In 1830, during the second Revolution, the Missionaries of France were dispersed and exiled and their house in Paris sacked. Rauzan went to Rome, where he was received by Pope Gregory XVI, who authorized him to found a new society, to be known as the Society of the Fathers of Mercy (S.P.M.). The Papal Brief of approbation, which also contains the constitutions, was given 18 February 1834, and on 15 March of the same year a second Brief, affiliating the new society to the Propaganda Fide, and the former Missionaries of France accepted these constitutions on 8 December 1835. Rauzan died in Paris, 5 September 1847.

Its members included Mgsr Faillet, Bishop of Orléans, Mgsr. Alfred Duquesnay, Archbishop of Cambrai; Victor-Felix Bernadou, Archbishop of Sens, who later became a cardinal. The Fathers of Mercy resumed their missionary activities in France, but all religious societies were subject to the decree of expulsion in 1880. However, through the influence of their many friends in Paris, and claiming the enforcement of the authorization given to the society by the restored Bourbon king Louis XVIII in 1816, the Fathers of Mercy retained their mother-house in Paris until the separation of the Church and State in 1905, when they moved to Belgium.

America 
In 1839, at the suggestion of Bishop Hughes of New York, Mgr. Forbin-Janson introduced the Fathers of Mercy into the United States, initially in the Diocese of New Orleans. Fr. Ferdinand Bach, the first superior in America, became the Rector of the Cathedral of St. Louis in New Orleans where he died tending victims of yellow fever. (Correspondence between Bach and the motherhouse in Paris is on file in the archives of the University of Notre Dame.)

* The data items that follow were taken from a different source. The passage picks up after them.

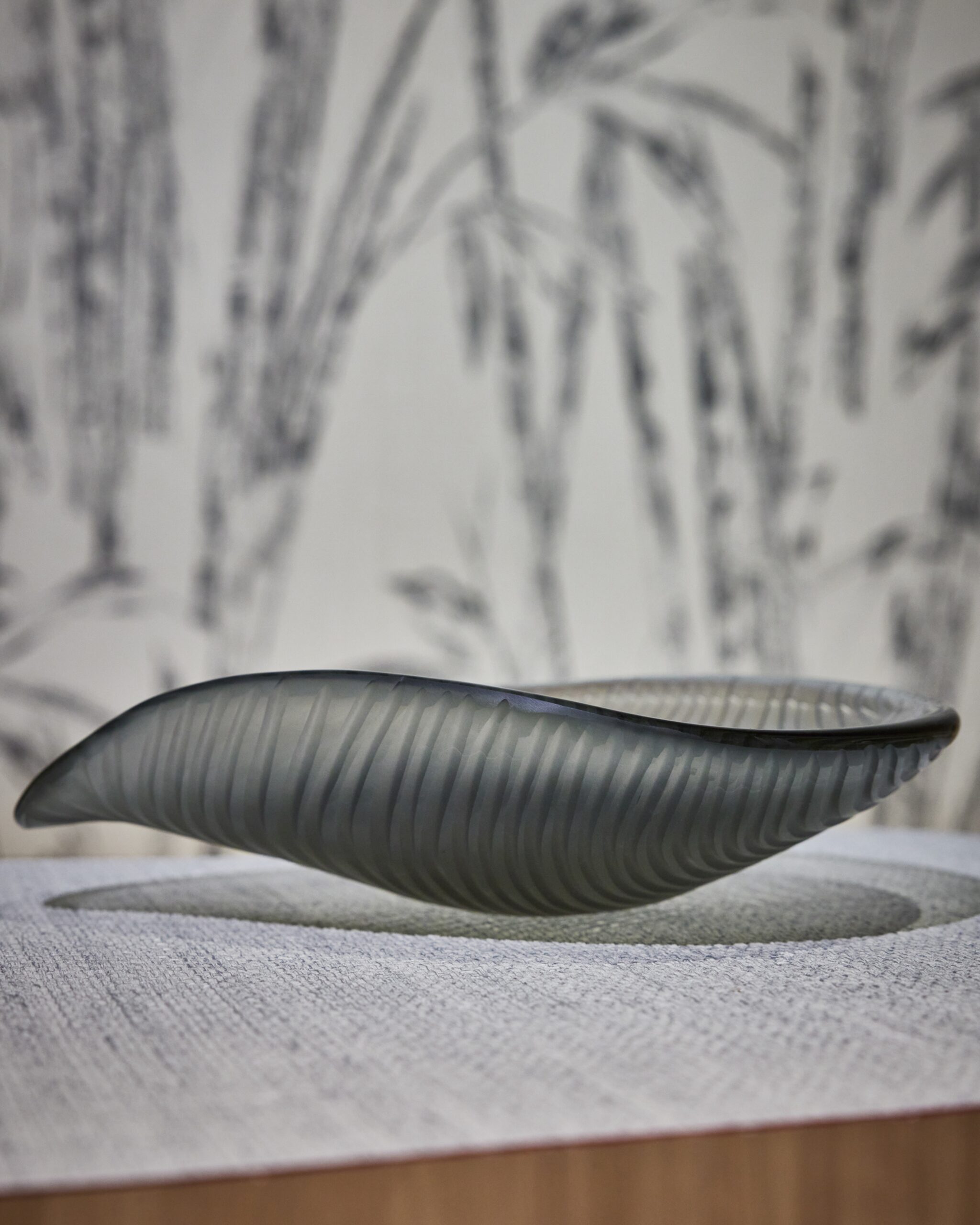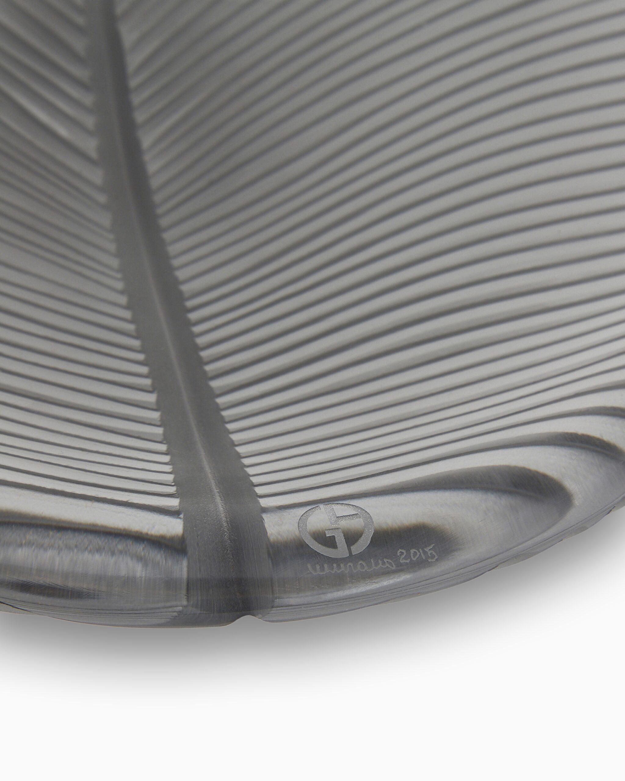 Murano camından yapılmış, tamamen el işçiliğiyle ve hiçbir kalıp kullanılmadan üretilmiş yaprak biçimli bir orta parça. Üretim, bir fırında gerçekleştirilir ve ardından bir yaprağın dokusunu andıran çizgileri oluşturmak için soğuk taşlama işlemiyle tamamlanır. Rengini veren bir pasta içine daldırılmış iki farklı cam katmanından oluşur. Nihai rengin benzersizliği, ana rengi yumuşatan ek bir şeffaf cam tabakasıyla elde edilir. Bu parçaların her biri tek tek üflendiği için, her biri diğerlerinden tamamen farklı ve eşsizdir.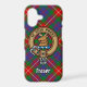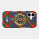 Clan Fraser of Lovat crest badge surrounded by a strap and buckle over tartan background. Custom text.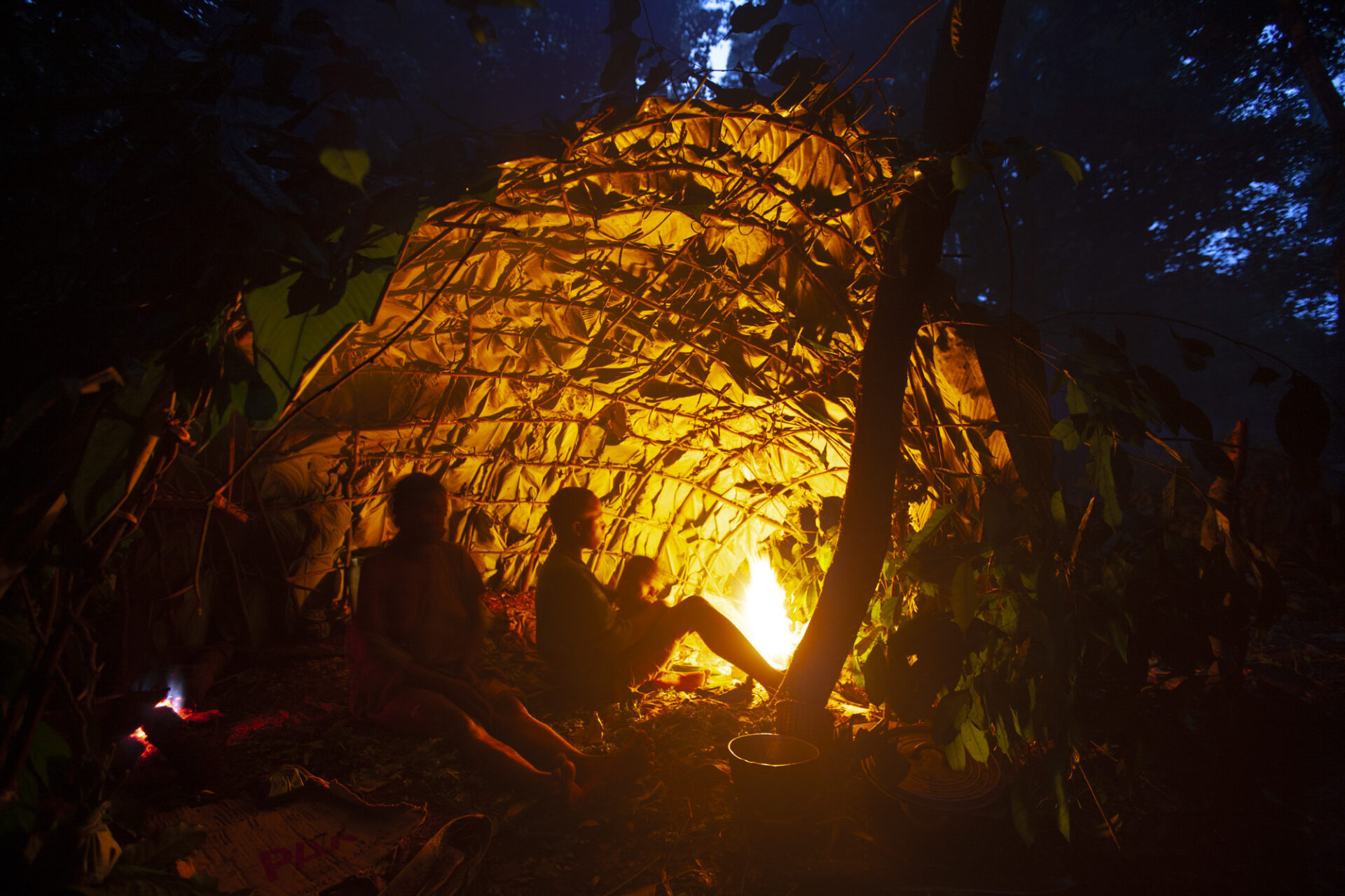 Cameroon Population pygmée Baka campement de chasse, sous la hutte Cameroun (Sud est)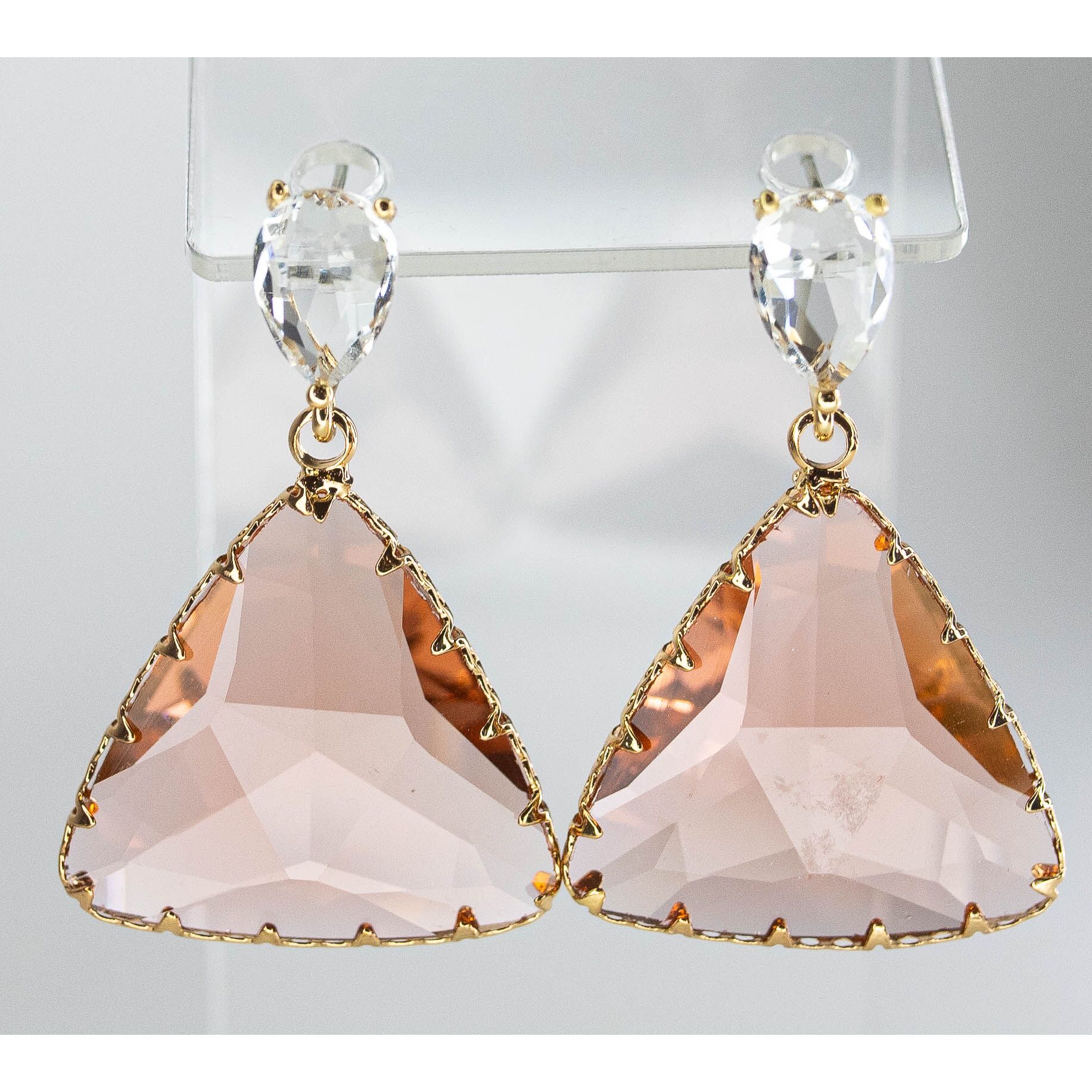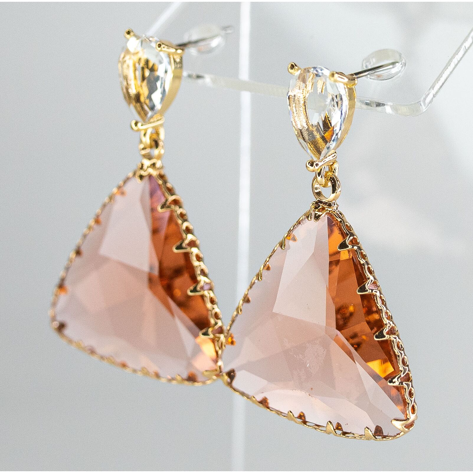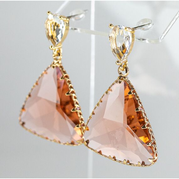 Серьги из гипоаллергенного ювелирного сплава желтого цвета. Вставка- циркон белого и розового цвета. Высота серег-4,0см, ширина-2,5см. Застежка- пусет.

Bishop Potiers of Mobile, Alabama, then invited them to take charge of Spring Hill College. Two years later, Fathers Lafont and Aubril were sent to look after the increasing French population in New York City, where the Fathers of Mercy took charge of the parishes of St. Vincent de Paul, Manhattan, and of Our Lady of Lourdes and St. Frances de Chantal, Brooklyn. They also  set up houses of studies in Rome, Belgium, France and other places. By a decree of Propaganda in August 1906, Theophile Wucher was named Vicar General of the Institute for three years and took up residence in New York.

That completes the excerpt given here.